Unpivot PySpark dataframe using arguments-CodePudding

I'm trying to make a function which would unpivot PySpark dataframe using lists as arguments.

E.g. here is the code with two lists:

1 - ignored_columns_list for ignored (not used) columns
2 - non_pivot_column_list - columns that I don't want to unpivot.

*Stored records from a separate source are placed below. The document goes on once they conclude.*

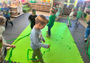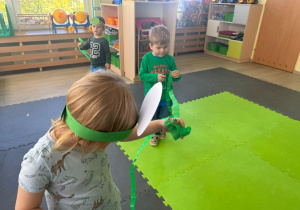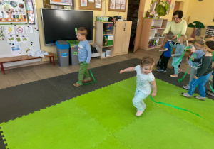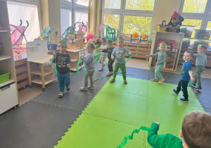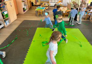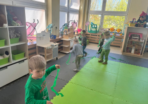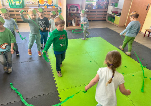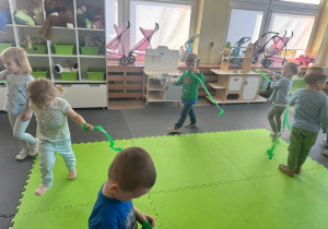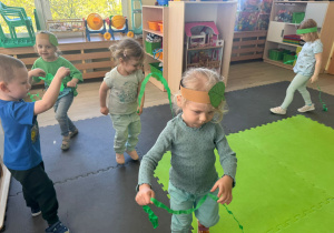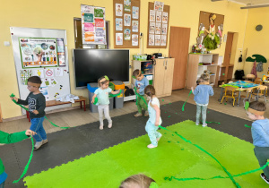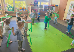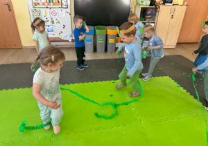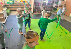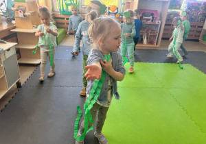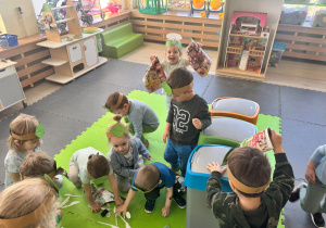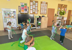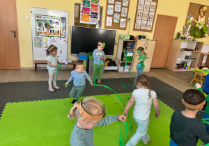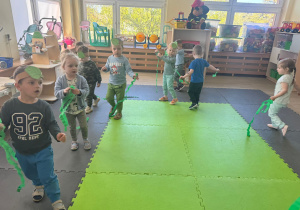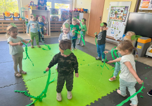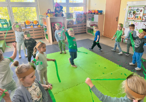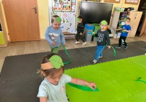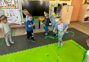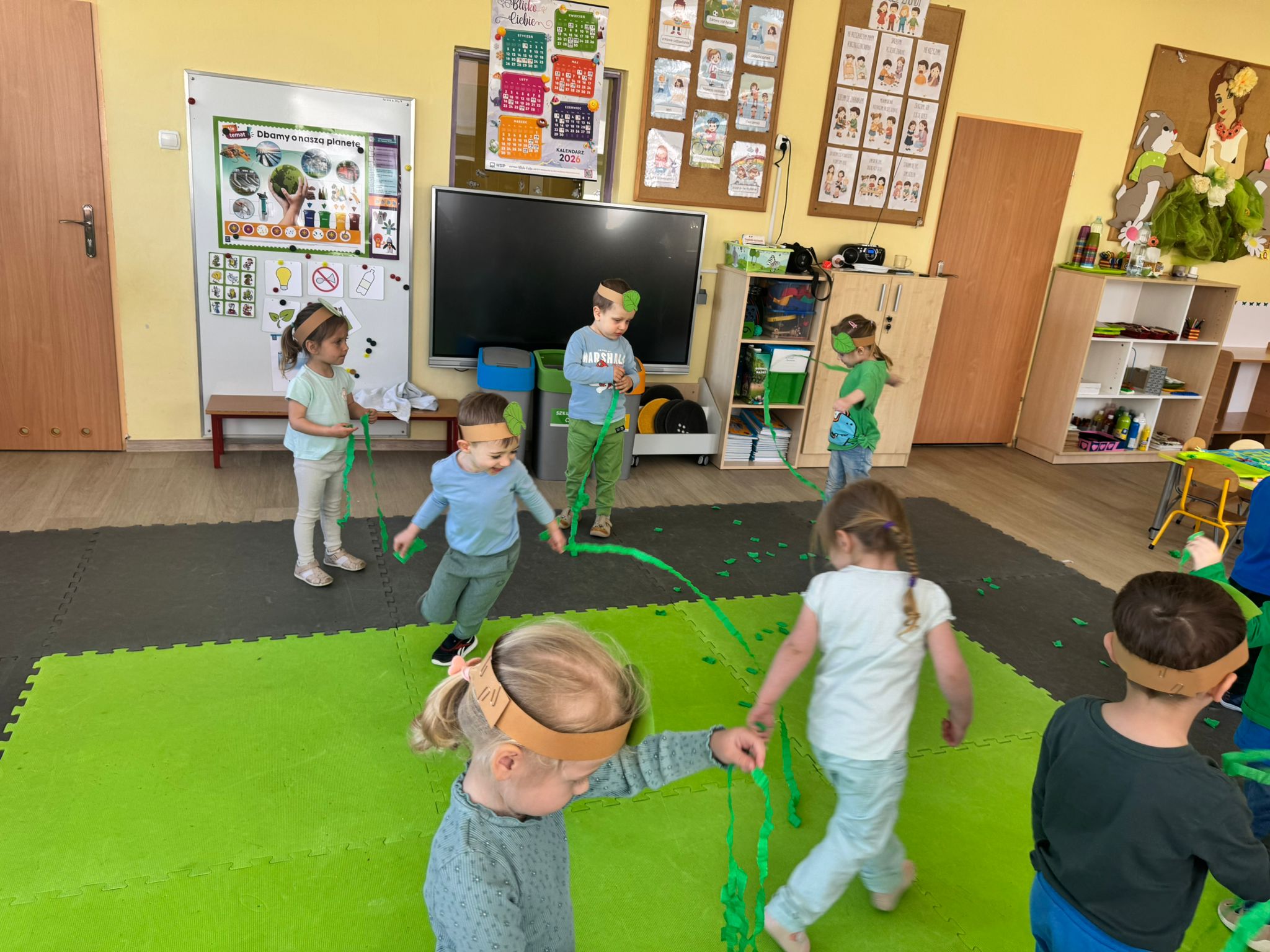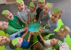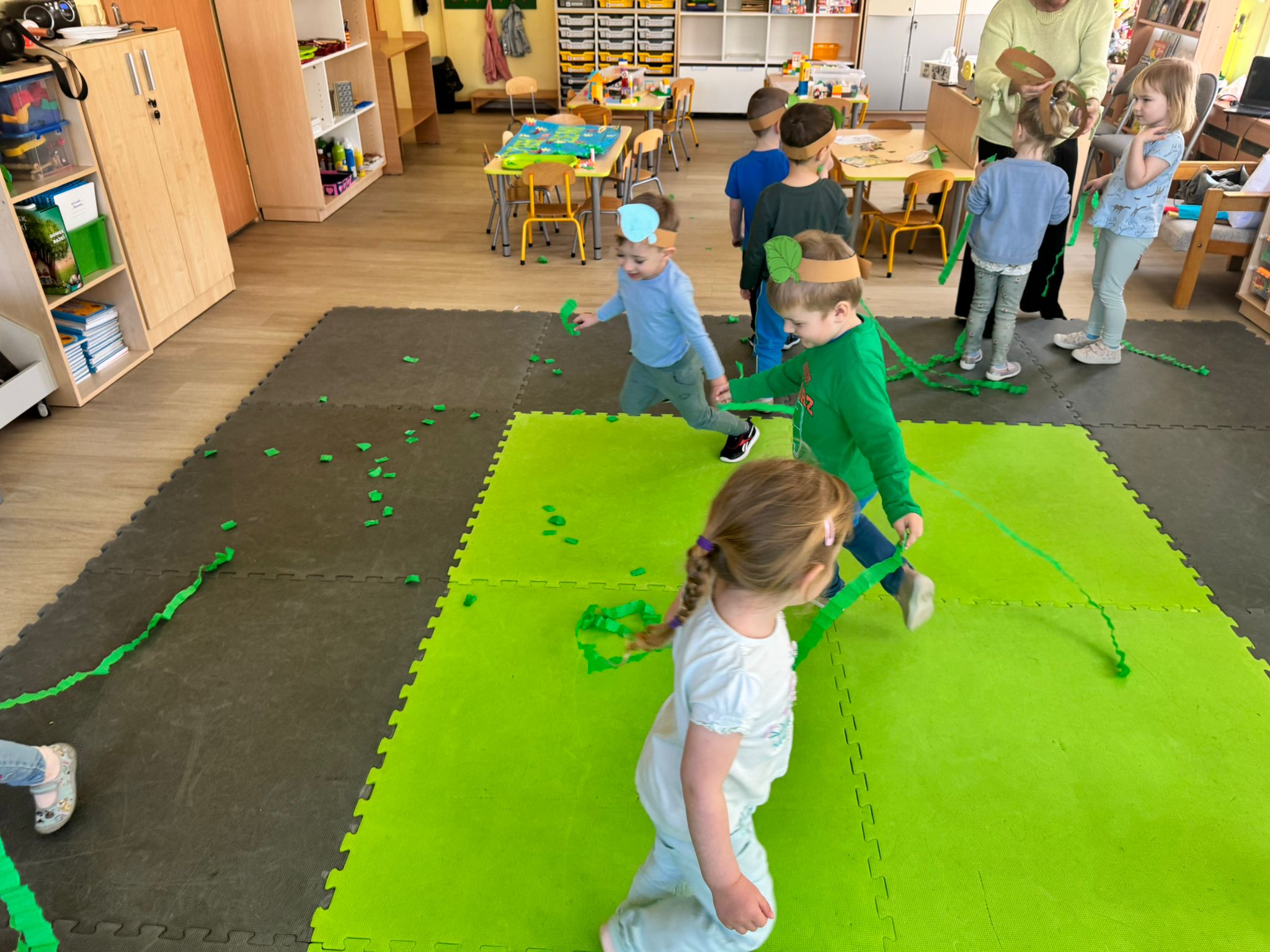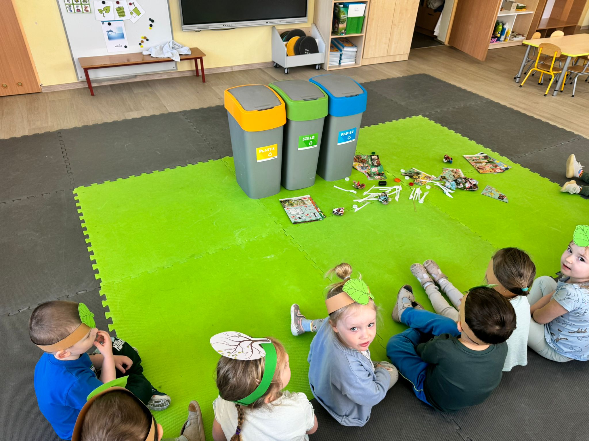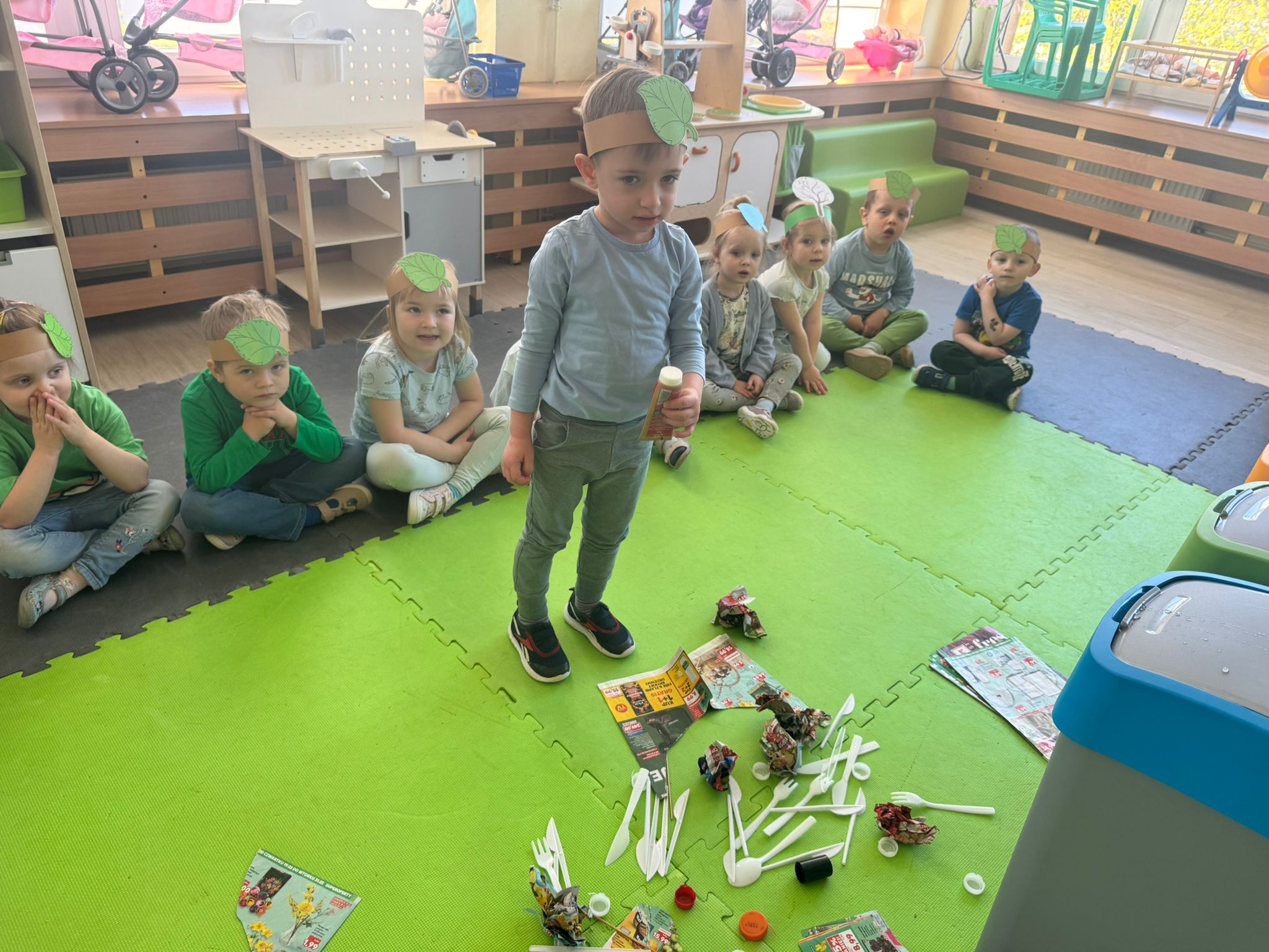 Maluszki świętowały Dzień Ziemi w radosnej i edukacyjnej atmosferze. Dzieci poznały podstawowe zasady dbania o naszą planetę oraz dowiedziały się, jak ważna jest ochrona środowiska. Uczyły się również segregować śmieci, rozpoznając odpowiednie kolory pojemników. Na zakończenie wspólnie zatańczyły „zielony taniec”, który był ich symboliczną obietnicą troski o przyrodę i dbania o Ziemię każdego dnia.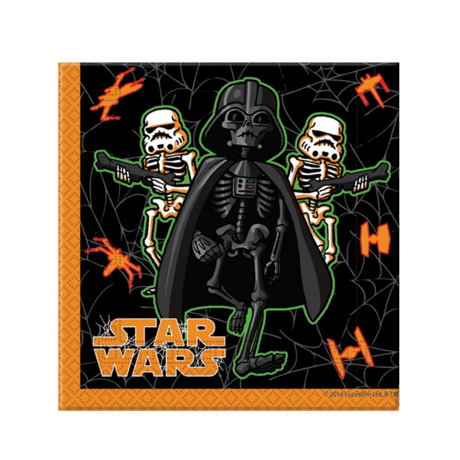 20 serviettes carrées de 33 cm de côté une fois dépliées. Elles possèdent un liséré orange et au centre on peut voir Dark Vador sous forme de squelette accompagné de maître Yoda dans un décor lugubre.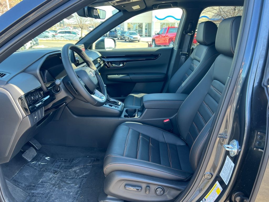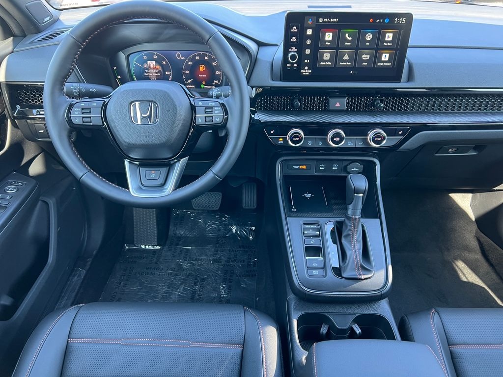 Meteorite Gray Metallic 2026 Honda CR-V Hybrid Sport Touring AWD eCVT 2.0L I4 DOHC 16V 12 Speakers, 4-Wheel Disc Brakes, ABS Brakes, Adaptive Cruise Control: Adaptive Cruise Control (ACC) with Low-Speed Follow, Air Conditioning, Alloy wheels, AM/FM Radio, Apple CarPlay/Android Auto, Auto High-beam Headlights, Auto-dimming Rear-View mirror, Automatic temperature control, Blind Spot Information (BSI) System warning, Bose Premium Sound System, Brake Assist, Bumpers: body-color, Compass, Delay-off headlights, Driver door bin, Driver vanity mirror, Dual front impact airbags, Dual front side impact airbags, Dual-Climate Control, Electronic Stability Control, Four wheel independent suspension, Front anti-roll bar, Front Bucket Seats, Front Center Armrest, Front reading lights, Fully Automatic Headlights, Heated Front Bucket Seats, Heated Front Seats, Heated Sideview Mirrors, Heated Steering Wheel, Illuminated Entry, Knee airbag, Leather Seat Trim, Leather Shift Knob, Leather steering wheel, Low tire pressure warning, Memory seat, Navigation system: Google Maps, Occupant sensing airbag, Outside Temperature Display, Overhead airbag, Overhead Console, Panic Alarm, Passenger door bin, Passenger vanity mirror, Power Adjusting Driver Seat, Power Liftgate, Power Moonroof, Power passenger seat, Power Sideview Mirrors, Power Steering, Power Windows, Radio data system, Rain Sensing Wipers, Rear anti-roll bar, Rear reading lights, Rear seat center armrest, Rear side impact airbag, Rear Spoiler, Rear Window Wiper, Rear-View Camera, Rear/Front Window Defroster, Remote Keyless Entry, Security System, Speed Control, Speed-Sensing Steering, Speed-Sensitive Wipers, Split Folding Rear Seat, Steering Wheel Mounted Controls, Telescoping steering wheel, Tilt steering wheel, Traction Control, Trip computer, Turn signal indicator mirrors, Variably intermittent wipers, Wheels: 19" Berlina Black.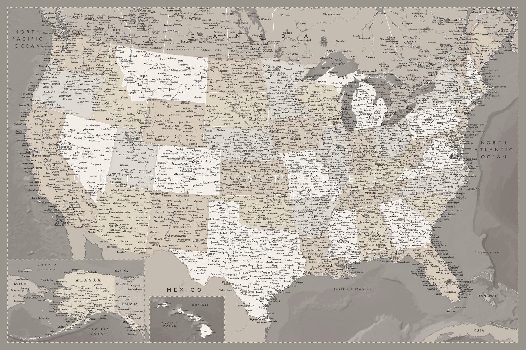 Add timeless cartographic style to your space with the Vintage USA Map Wall Mural. This beautifully detailed design showcases the entire United States with labeled states, cities, and geographic features in a refined vintage map aesthetic. Soft neutral tones of beige, gray, and muted earth colors give the mural a classic, archival look while keeping the information clear and readable. Ideal for offices, study rooms, classrooms, libraries, and travel-inspired interiors, this mural blends education with elegant decor. The intricate typography and map detailing create visual interest across large walls, transforming ordinary spaces into sophisticated geographic displays.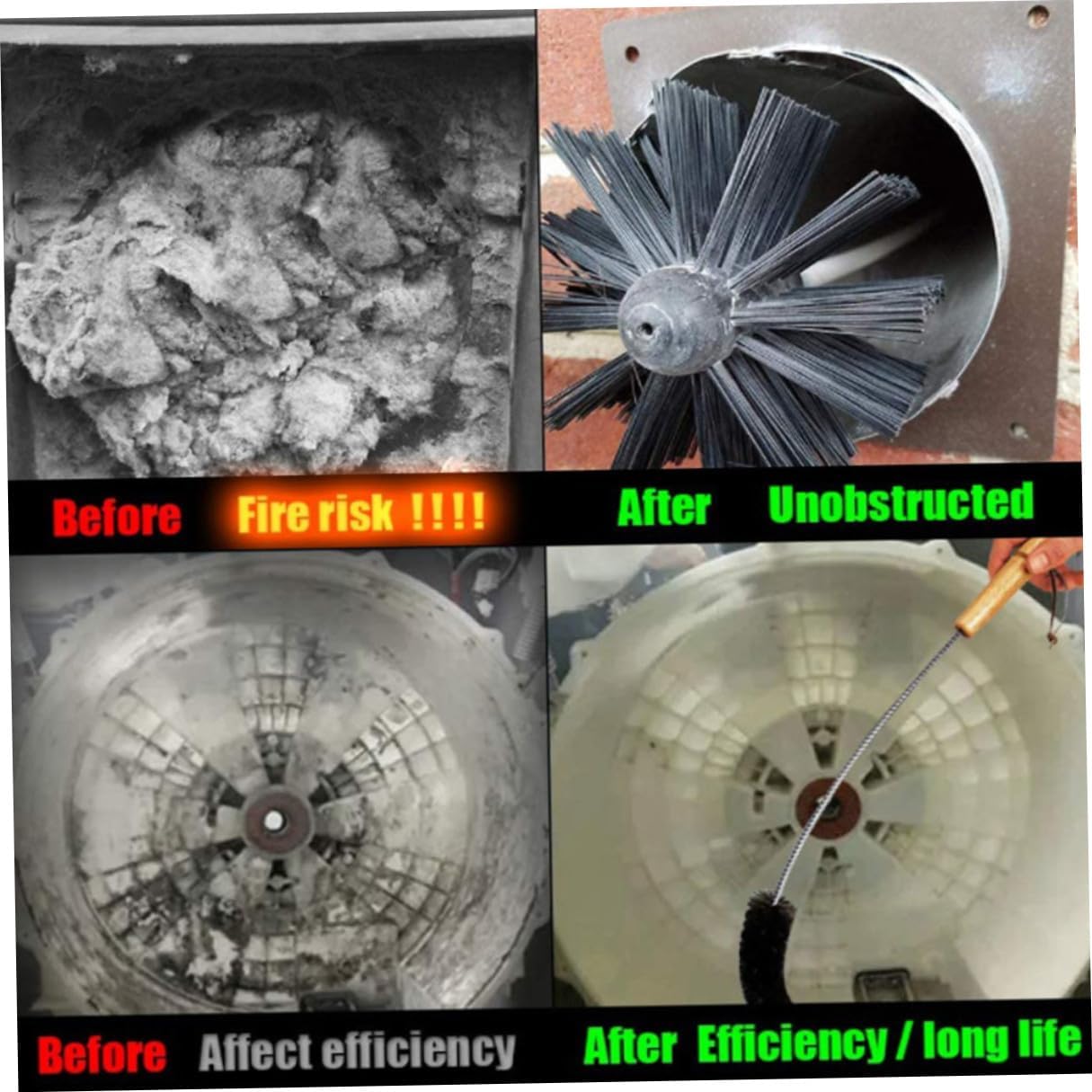 Package Include 4 x rods 1 x brush head Features -Product Info:Cleaning brush - Material: Nylon, galvanized iron. - Size: 61.00X2.00X2.00cm/23.97X0.79X0.79inch. - The rods are flexible which can perfectly get through those tough flue bends chimney sweep kit chimney brush. - - It can be used for cleaning the inner wall of such as dryers and chimney chimney tools for fireplace. - , you can buy this practical product at an dryer vent cleaner brush. - The nylon brush rod can bend and not break, making it easy for you to operate dryer lint remover. - This chimney cleaning brush is made of environmentally friendly materials for durability.Goods Descriptionchimney cleaning brush and rods If you've been looking for a dryer vent cleaning brush set, then your search is over! That's because our product can provide great help in removing lint and dust buildup in your dryer vent, duct and exhaust port, working performance and reduce fire risk

All the rest columns are being unpivoted.

The function:

import pyspark.sql.functions as F

ignored_columns_list = ['column_name1'] # columns that I don't need
non_pivot_column_list = ['column_name2'] # columns I don't want to unpivot
    
def unpivot_columns_final(kpi_rf_df,ignored_columns_list,non_pivot_column_list): 
    
    ignored_columns_df = kpi_rf_df.drop(*ignored_columns_list)  # columns that I don't need
    non_pivot_column_df  = kpi_rf_df.select(*non_pivot_column_list)  # columns I don't want to unpivot
    unpivot_columns_df = kpi_rf_df.drop(*ignored_columns_list,*non_pivot_column_list) # Columns that I want to unpivot 
    
    unpivot_columns_df_count = len(unpivot_columns_df.columns) # count columns to use inside Expr function
    
    unpivot_df = kpi_rf_df.select(*ignored_columns_df.columns,F.expr(f"stack({unpivot_columns_df_count}, {', '.join(unpivot_columns_df.columns)}) as (value)"))
    unpivot_df = unpivot_df.select(*non_pivot_column_df.columns, F.expr(f"stack({unpivot_columns_df_count}, {str(unpivot_columns_df.columns)[1:-1]}) as (kpi)"),'value')
    
    return unpivot_df

The problem is that sometimes when I change columns in the list I get this error:

AnalysisException: cannot resolve 'stack(6, column_name1, column_name2, column_name3, column_name4, column_name5, column_name6)' due to data type mismatch: Argument 1 (double) != Argument 6 (date); line 1 pos 0;

I tried to sort the list of columns in expr, but it doesn't help.

CodePudding user response：

For the sake of curiosity you may take a look at this answer. There's a streamlined approach to a problem very similar to yours. Only dropping some columns could be added to exactly match your case.

Your function works! But you must know that you cannot stack together columns containing different data types. We can see, now you are trying to stack together a column of type double and a column of type date. Spark doesn't know which data type should be assigned to the resultant column, so you get this error.